Reconstitution of recombination-dependent DNA synthesis in herpes simplex virus 1

Amitabh V. Nimonkar, Paul E Boehmer

Research output: Contribution to journalArticle

38 Citations (Scopus)

Abstract

The repair of double-strand DNA breaks by homologous recombination is essential for the maintenance of genome stability. In herpes simplex virus 1, double-strand DNA breaks may arise as a consequence of replication fork collapse at sites of oxidative damage, which is known to be induced upon viral infection. Double-strand DNA breaks are also generated by cleavage of viral a sequences by endonuclease G during genome isomerization. We have reconstituted a system using purified proteins in which strand invasion is coupled with DNA synthesis.

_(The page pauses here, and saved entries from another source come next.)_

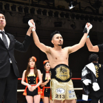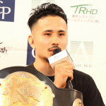 16秒でKO防衛した新美(右/2021年6月)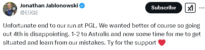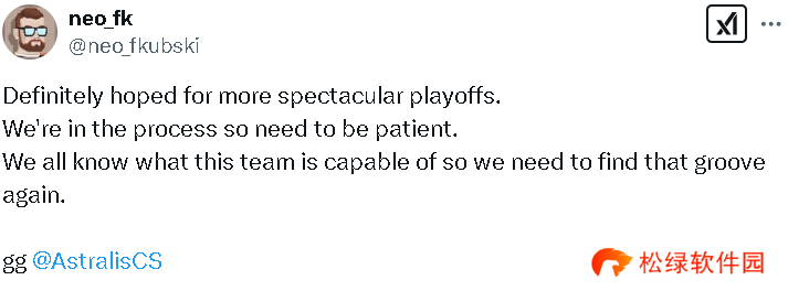 EliGE:在PGL的征程以遗憾告终。我们当然希望能有更好的表现,因此以第四名的成绩结束令人失望。对阵Astralis的比赛以1-2落败,现在我需要一些时间来调整自己并从错误中吸取教训。感谢大家的支持。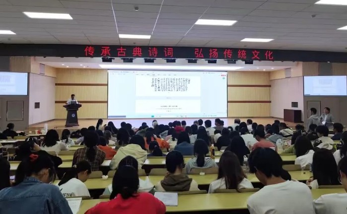 本网讯 为弘扬中华优秀传统文化,提高青年学生对古典诗歌的鉴赏、阅读和写作水平,10月26日,学校联合黄冈市诗词学会(东坡赤壁诗社)在北区学术报告厅举办诗词文化进校园及诗教活动,市诗词学会会长(东坡赤壁诗社社长)王建明出席活动,市诗词学会原副会长卢建平作了《浅谈中华诗词入门》专题讲座。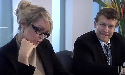 ufficio milfie mega-cagna con ultra-cute kinks britney ambra opere su cazzo in ufficio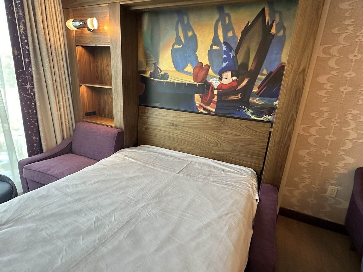 One- and two-bedroom villas offer roomier accommodations for larger families, sleeping up to five and nine guests, respectively. The villas include a full-size kitchen and living areas with comfortable sofa seating that can be easily pulled down to reveal a queen-size bed, complete with a story-themed mural above inspired by The Princess and the Frog or Fantasia. The comfort continues into the main bedroom, which includes a spacious en-suite bathroom featuring double vanities, a soaking tub with a themed mosaic-style tile mural and a spa-like shower.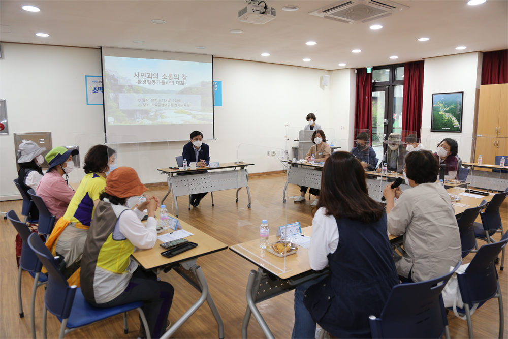 한 시장은 이어 환경활동가들과 활동내용, 환경보호 활성화 방안 등 환경을 주제로 의견을 나눴으며, 이 자리에서 환경활동가들은 환경에 대한 공감대 형성을 위한 시민교육의 필요성, 탄소포인트제 활성화, 개발사업 수립시 환경단체와의 사전 협의 등을 건의했다.
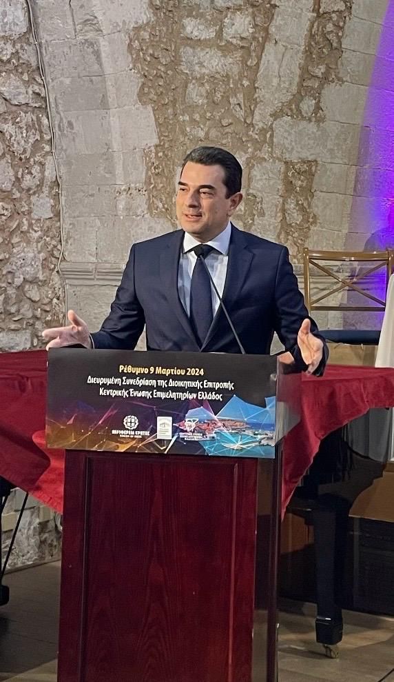 Ο Υπουργός Ανάπτυξης Κώστας Σκρέκας, συνοδευόμενος και από τον Υφυπουργό Ανάπτυξης Μάξιμο Σενετάκη, συμμετείχε το Σάββατο 9 Μαρτίου στη διευρυμένη συνεδρίαση της διοικητικής επιτροπής της Κεντρικής Ένωσης Επιμελητηρίων Ελλάδας στο Ρέθυμνο, εκπροσωπώντας τον Πρωθυπουργό Κυριάκο Μητσοτάκη.

In this system, the viral single-strand DNA-binding protein promotes assimilation of single-stranded DNA into a homologous supercoiled plasmid, resulting in the formation of a displacement loop. The 3′ terminus of the invading DNA serves as a primer for long-chain DNA synthesis promoted by the viral DNA replication proteins, including the polymerase and helicase-primase. Efficient extension of the invading primer also requires a DNA-relaxing enzyme (eukaryotic topoisomerase I or DNA gyrase). The viral polymerase by itself is insufficient for DNA synthesis, and a DNA-relaxing enzyme cannot substitute for the viral helicase-primase. The viral single-strand DNA-binding protein, in addition to its role in the invasion process, is also required for long-chain DNA synthesis. Form X, a topologically distinct, positively supercoiled form of displacement-loop, does not serve as a template for DNA synthesis. These observations support a model in which recombination and replication contribute toward maintaining viral genomic stability by repairing double-strand breaks. They also account for the extensive branching observed during viral replication in vivo.

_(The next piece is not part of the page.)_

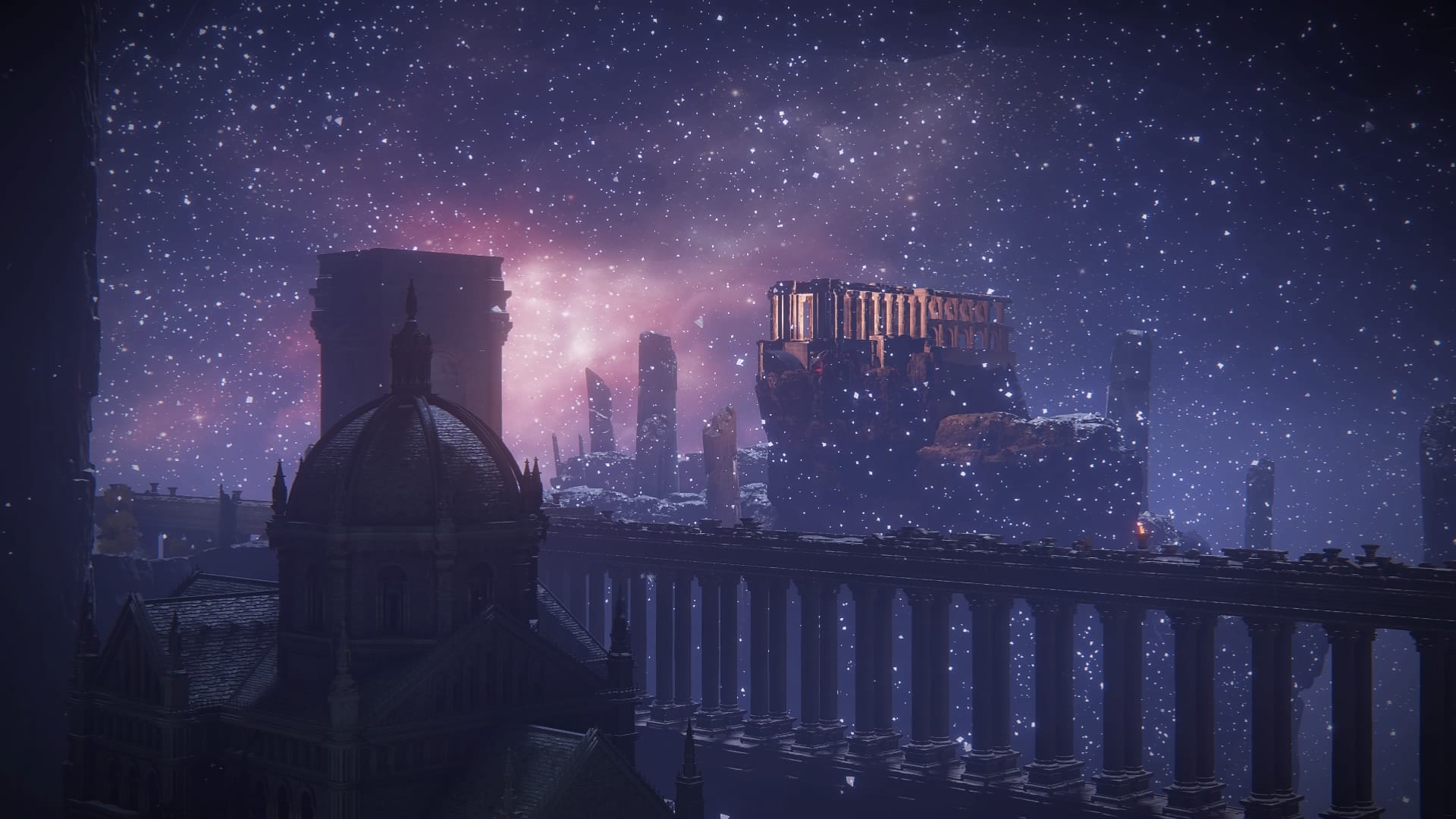 The moon(s) may be the most baffling case, but it is not the only cosmic entity with doppelgängers and dark twins. While the sun is not a major player, having had its main gig as big glowy thing usurped by the Erdtree a long time ago, it does have another, darker aspect: the eclipse, which is venerated, or rather invoked, at Castle Sol. At first glance, the stars don’t seem to have an obvious shadowy reflection, but there is a false or illusory starry night sky in a dark place: the Eternal Cities of Nokron and Nokstella.

Original languageEnglish (US)
Pages (from-to)10201-10206
Number of pages6
JournalProceedings of the National Academy of Sciences of the United States of America
Volume100
Issue number18
DOIs
StatePublished - Sep 2 2003
Externally publishedYes

Fingerprint

Human Herpesvirus 1
Genetic Recombination
Type I DNA Topoisomerase
Double-Stranded DNA Breaks
DNA
DNA Primase
Genomic Instability
DNA-Binding Proteins
DNA Gyrase
Single-Stranded DNA
Homologous Recombination
Viral DNA
Virus Diseases
DNA Replication
Proteins
Plasmids
Maintenance
Genome

ASJC Scopus subject areas

  • Genetics
  • General

Cite this

Reconstitution of recombination-dependent DNA synthesis in herpes simplex virus 1. / Nimonkar, Amitabh V.; Boehmer, Paul E.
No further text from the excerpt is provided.